The 63-year-old mother of four was diagnosed in 1991 with autoimmune hepatitis, which is caused by the body’s immune system turning against the liver cells. Doctors warned that she would need a liver transplant in a few years, but she was able to stretch that to more than two decades.
“I would go to the hospital and stay. I wasn’t getting over things,” she said. “There were a lot of indications that this was going south in a hurry.”
Finlayson went on the national transplant list last year, but the odds of her getting an organ looked pretty slim.
Her son, Brandon, was a match and volunteered to be a donor. But she didn’t want to put him at risk since he has five kids of his own.
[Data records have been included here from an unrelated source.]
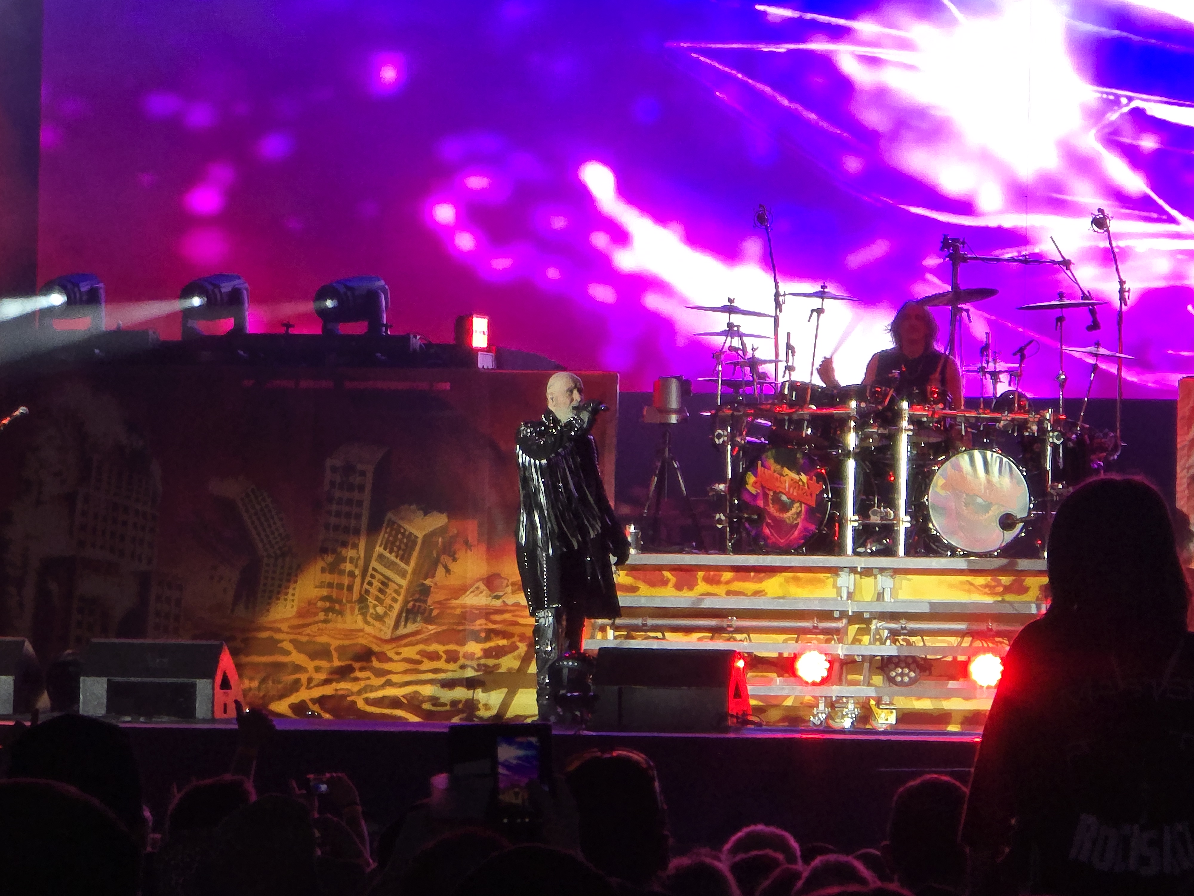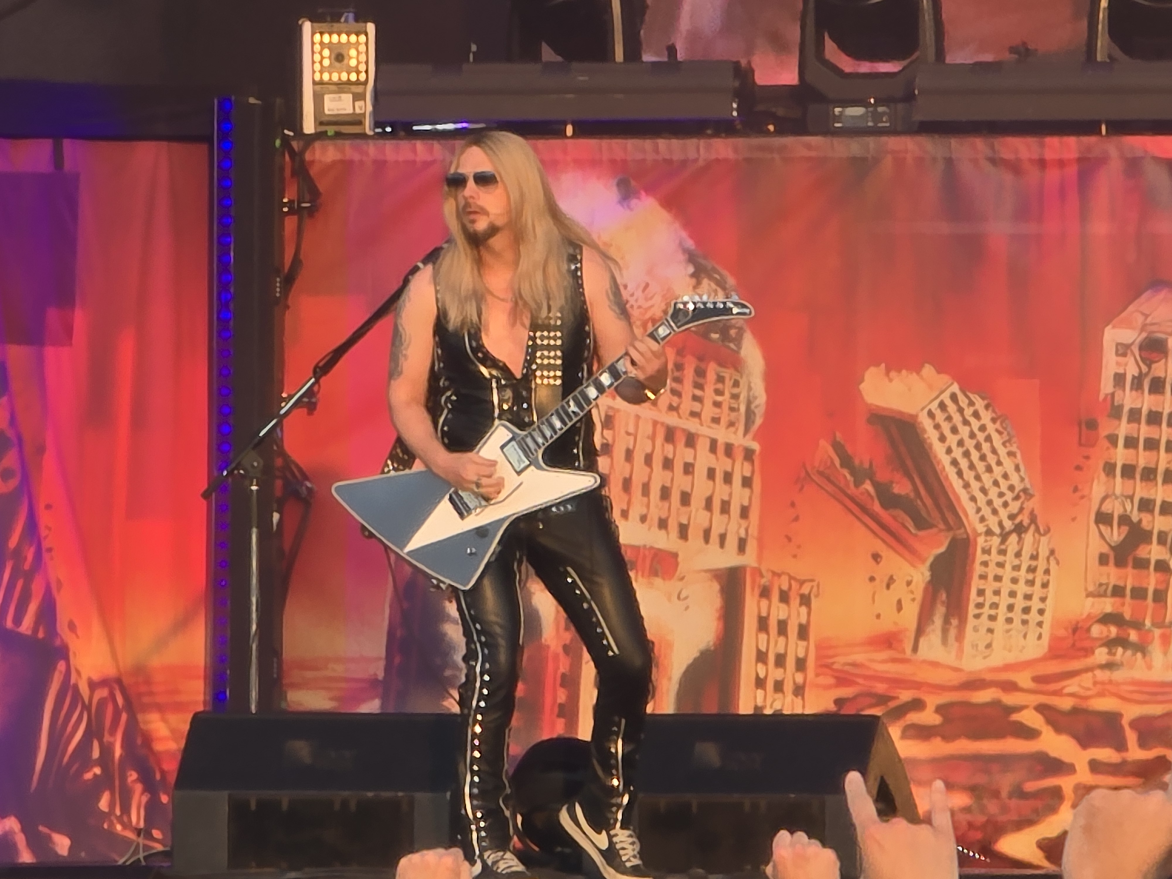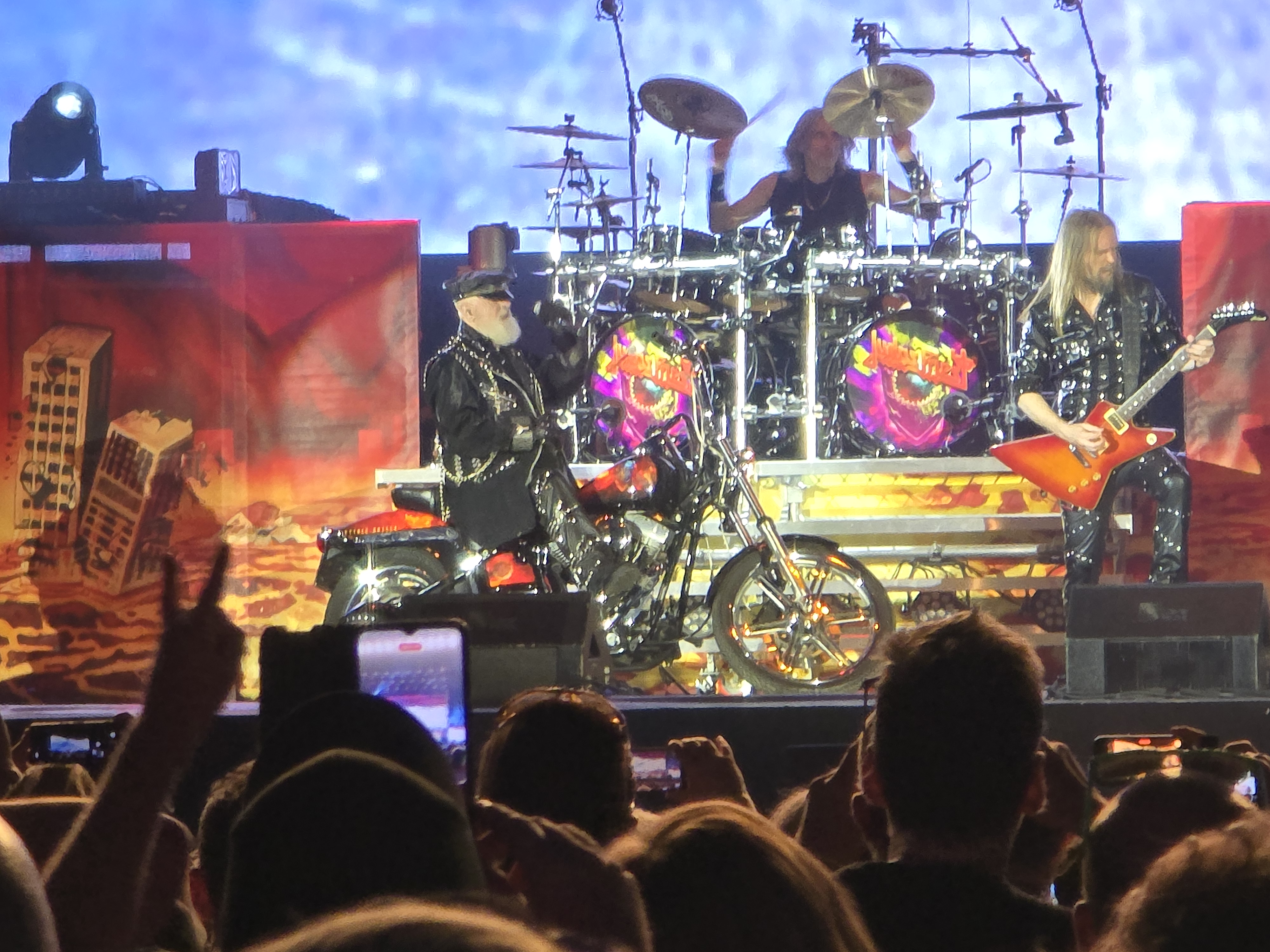 Mit „All Guns Blazing“ starten JUDAS PRIEST fulminant in ihren sehr „Painkiller“ lastigen Set und lassen von Beginn an keinen Zweifel aufkommen, auf wessen breiten Schultern sich die Musik, die wir alle so lieben, begründet. Der fast 74-jährige Frontmann Rob Halford scheint in einen Jungbrunnen gefallen zu sein. Er ist agiler, klebt nicht mehr so sehr am Teleprompter und überzeugt mit der besten Gesangsleistung seit Jahrzehnten. Ich habe Rob in den letzten 25 Jahren doch einige Male gesehen und durchaus auch tolle Auftritte erlebt, aber hier und heute ist es wirklich next Level. Faulkner und der wieder behaarte Andy Sneap haben sich zu einem tollen Gitarren-Duo gemausert und können die übergroßen Fußstapfen von Tipton/ Downing zwar nicht ganz, aber doch in beeindruckendem Maße ausfüllen. Im Gegensatz zu vielen anderen altgedienten Herrschaften ruhen sich JUDAS PRIEST nicht aus und überraschen auch immer wieder mit Songs, die keiner auf dem Zettel hatte. Neben diversen „Painkiller“ Songs wie zum Beispiel „Between The Hammer And The Anvil“, „One Shot At Glory“ oder „Hell Patrol“ überraschen mich vor allem „Solar Angels“ oder „Judas Rising“. Da darf dann auch gerne mal ein „Victim Of Changes“ oder ein „Green Manalishi (With The Two Pronged Crown)“ fehlen. Der Sound ist fett und Robs Gesang erfreulich effektfrei. Neben der makellosen musikalischen Darbietung überzeugen auch das Bühnenbild und die großen, teils mobilen bzw. teilbaren Leinwände, auf denen entweder die Musiker oder zu den Songs passende Animationen zu sehen sind. Volle 20 Songs hauen uns JUDAS PRIEST um die Ohren, und zwar im Dauerfeuermodus. Es gibt nur einige kurze Ansagen, keine überflüssigen Soli, sondern einfach nur Song auf Song und die Menge liebt es. Der Zugabeblock besteht aus „Hellion/Electric Eye“, „Hell Bent For Leather“ (natürlich mit Motorrad) und dem unverwüstlichen „Living After Midnight“. Auch wenn es danach für heute zu Ende ist, flimmert eine wichtige Botschaft weithin sichtbar über die Leinwände: „The PRIEST will be back“. Man kann es nur hoffen, denn dieser Form sind Rob Halford und Co. nach wie vor eine Macht.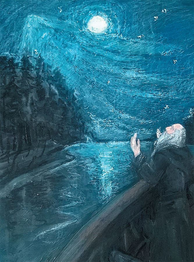Она присела на борт лодки рядом с онемевшим Алешкой и скинула с головы платок. Густые рыжие волосы, освобожденные от плена, рассыпались по плечам. Не глядя на Алешку, она тихо заговорила, как будто вела разговор сама с собой, и он жадно вслушивался в звуки незнакомой карельской речи. Язык этот был причудлив: неровен, как будто кто-то шел по извилистой лесной тропинке, перескакивая через камешки, но изобилие звука «л» придавали ему мягкость и текучесть. Алешка, с горящими от восхищения глазами, подперев голову рукой, сидел тихонько. Он чувствовал, что слова ее для него, и это знание сердца уже не удивляло его.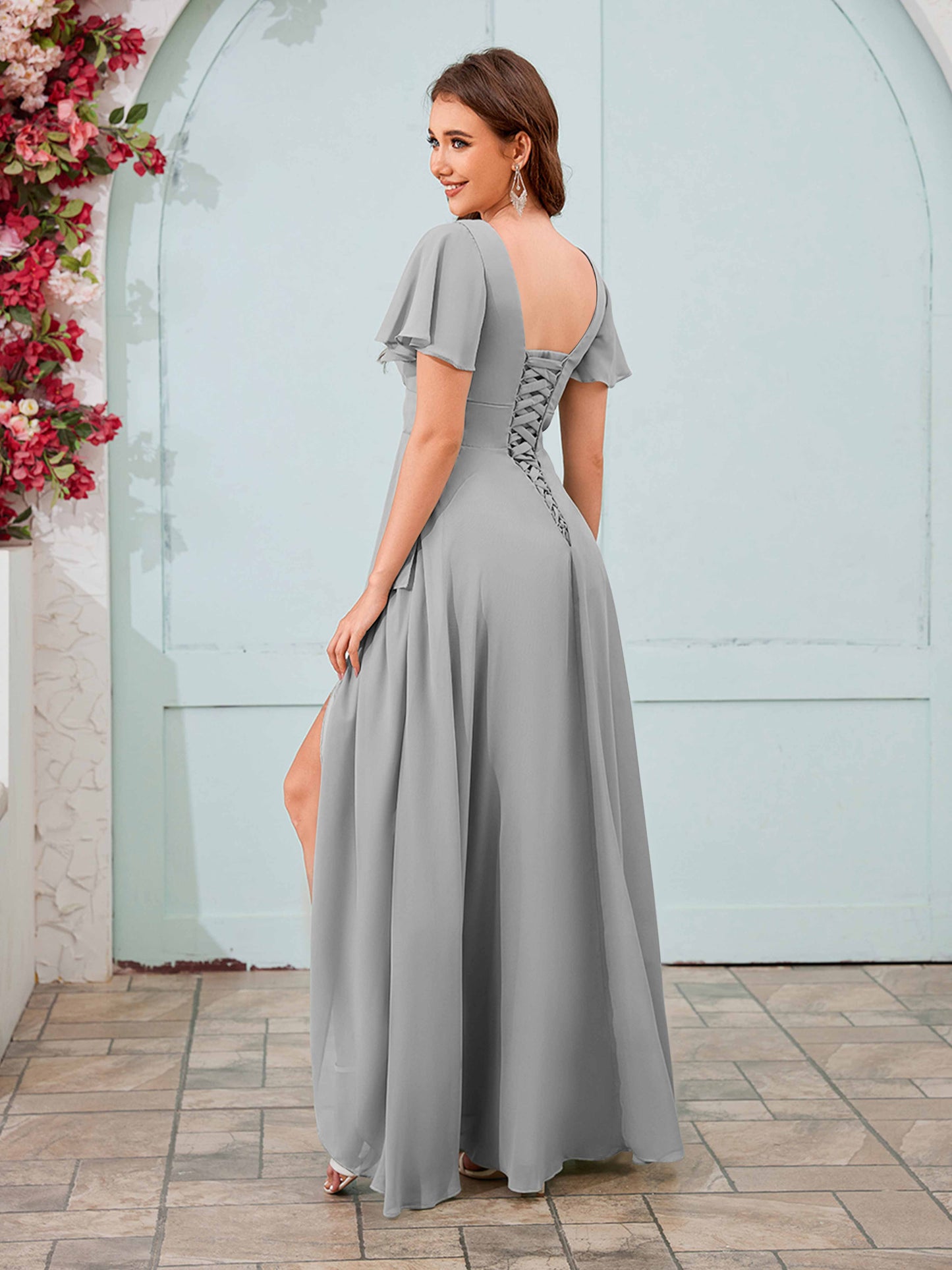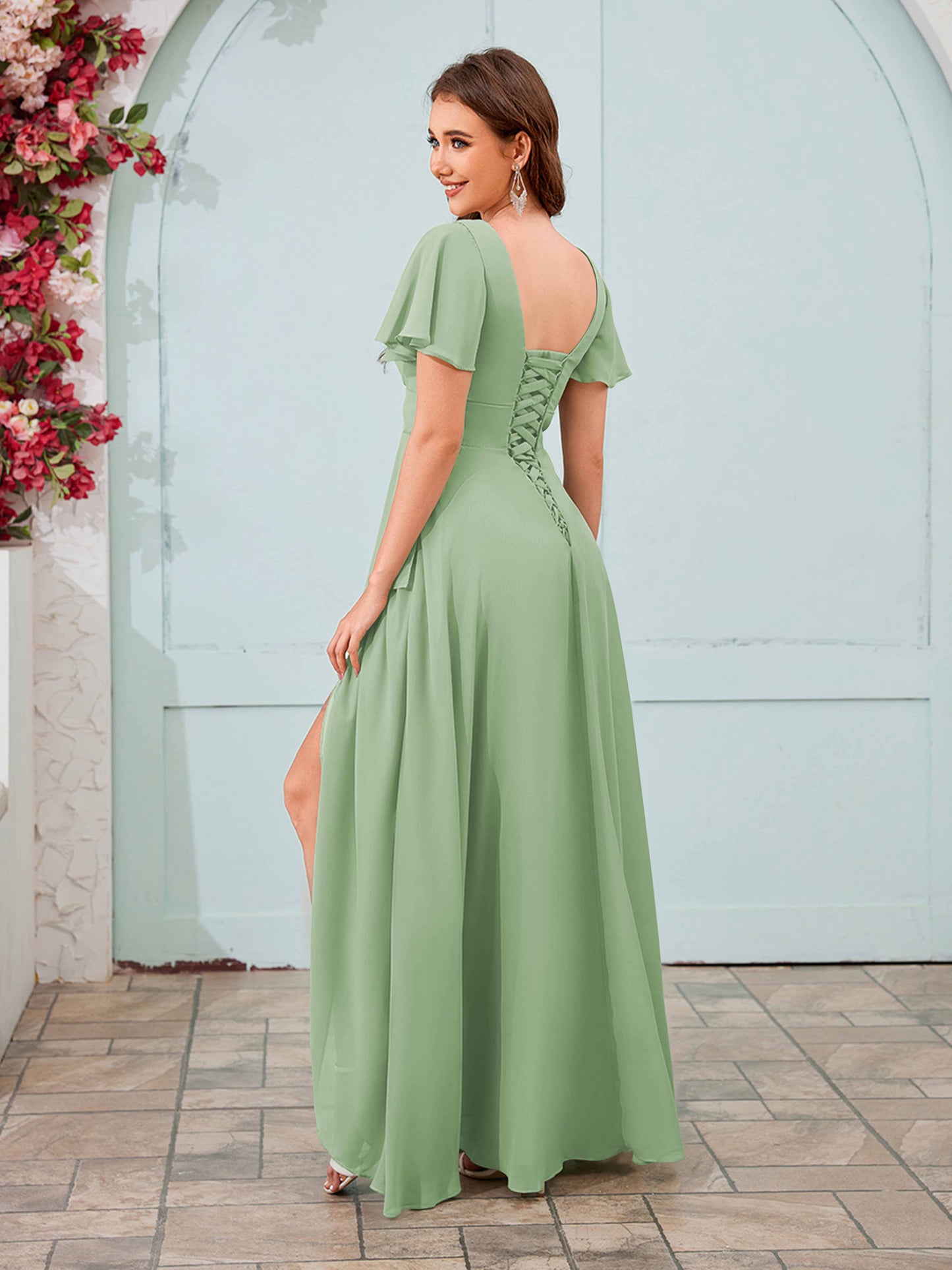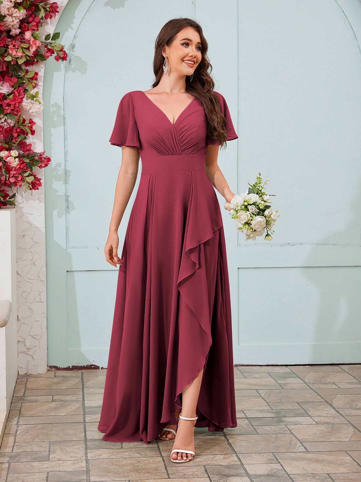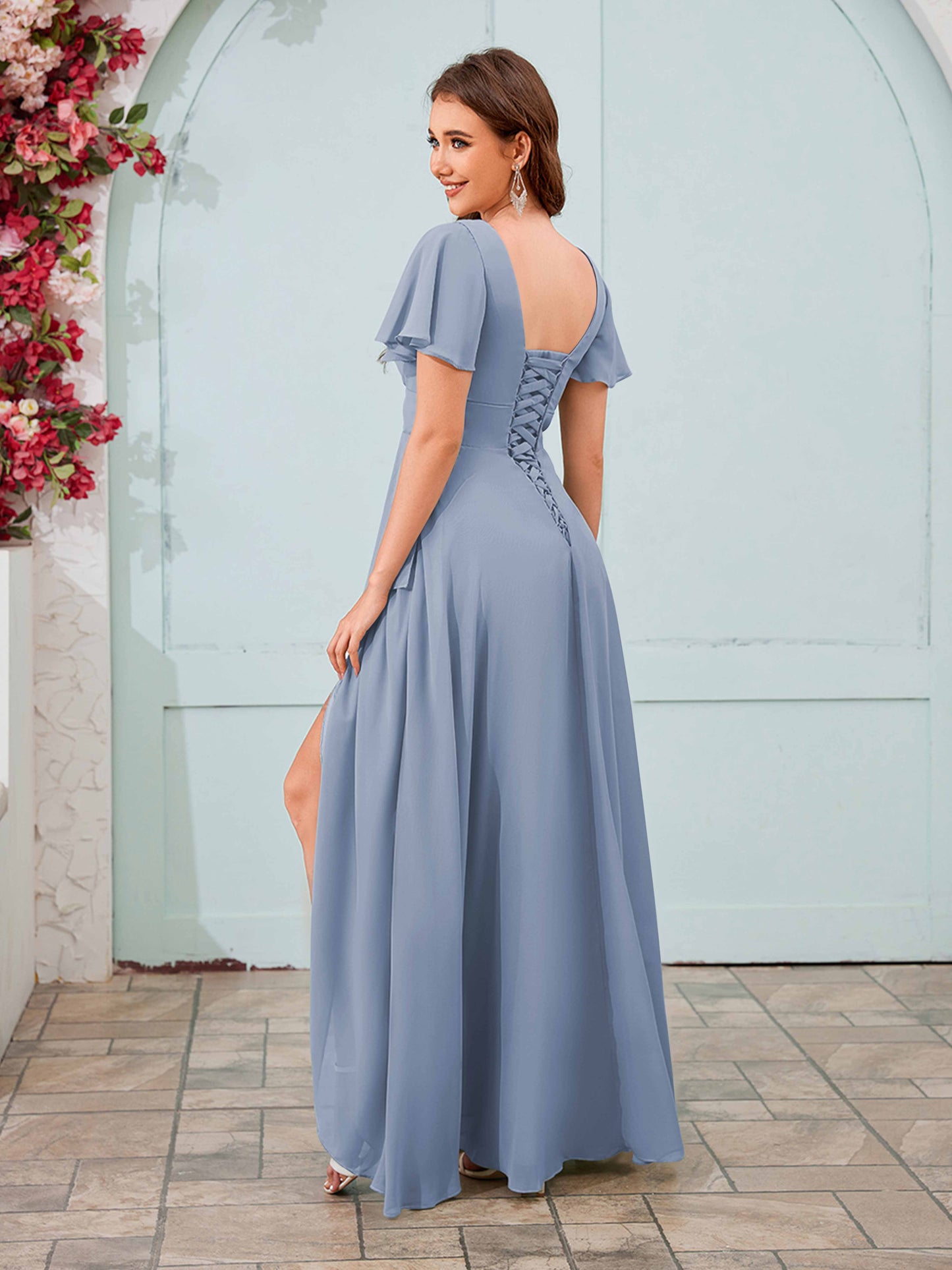 • Discover elegance with Mollyevers' Delicate V-Neck Short Sleeves Slit Maxi Chiffon Bridesmaid Dresses. Designed with a soft V-neckline, airy short sleeves, and a stylish slit, this flowing chiffon gown offers comfort and sophistication, making it perfect for weddings or formal events.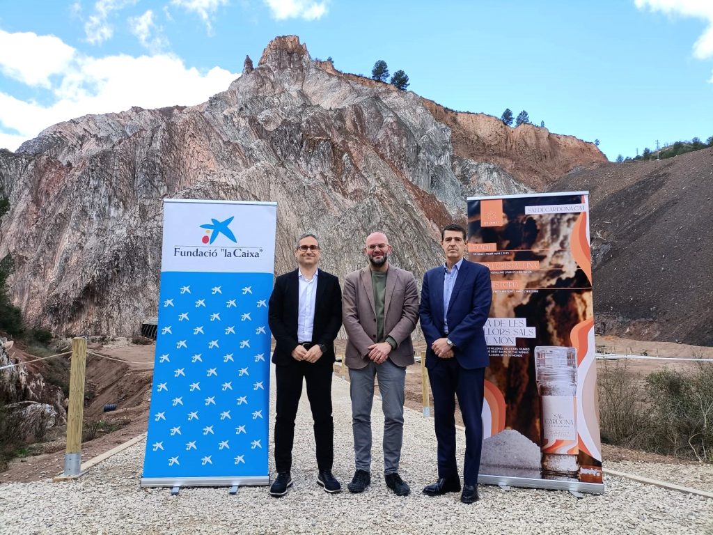El director de Banca d’Institucions de CaixaBank a Lleida, Víctor Martínez, i el director de l’oficina de CaixaBank a Cardona, Jaume Gramunt, s’han reunit amb el director general de la FCH, Francesc Ponsa, per conèixer de primera mà el projecte de la Sal de Cardona i fer efectiva la col·laboració.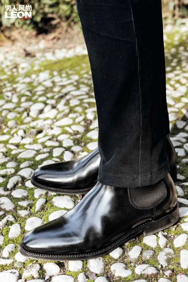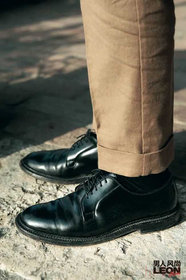鞋子為ALDEN品牌的科爾多瓦皮鞋,全黑色是選擇的關鍵。 3

“She pretty much shut us down and said, ‘No, it’s not a possibility. I don’t even want to talk about it,’ ” Brandon, 37, said. “It took days to get her to finally even think about the idea. A lot of convincing.”
The surgery in February was the first time Utah doctors transplanted the left lobe of a living donor’s liver. They used scans of Brandon’s liver to make a 3-D printed model, so they could plan and practice the delicate procedure.
Doctors said that Gwen and Brandon’s livers can regenerate and should grow to about 90 percent of normal size within months.
Both are recovering well after the surgery.
“I look toward the future with hope instead of, ‘How sick am I going to be then,’ ” she said. “I look forward with joy and optimism and try to figure out what are we going to do next.”
Gwen said she’s walking five miles a day and has more energy than she’s had in years.
“I’m not sure I have the words to describe how I feel about my son. I am grateful that he is the kind of man who would do something like that,” she said. “That he would risk his life for another human being — didn’t have to be his mother — it would have been anybody. To me, that is the definition of a hero.”
Brandon joked a that he was probably off the hook for Mother’s Day gifts for at least a few years.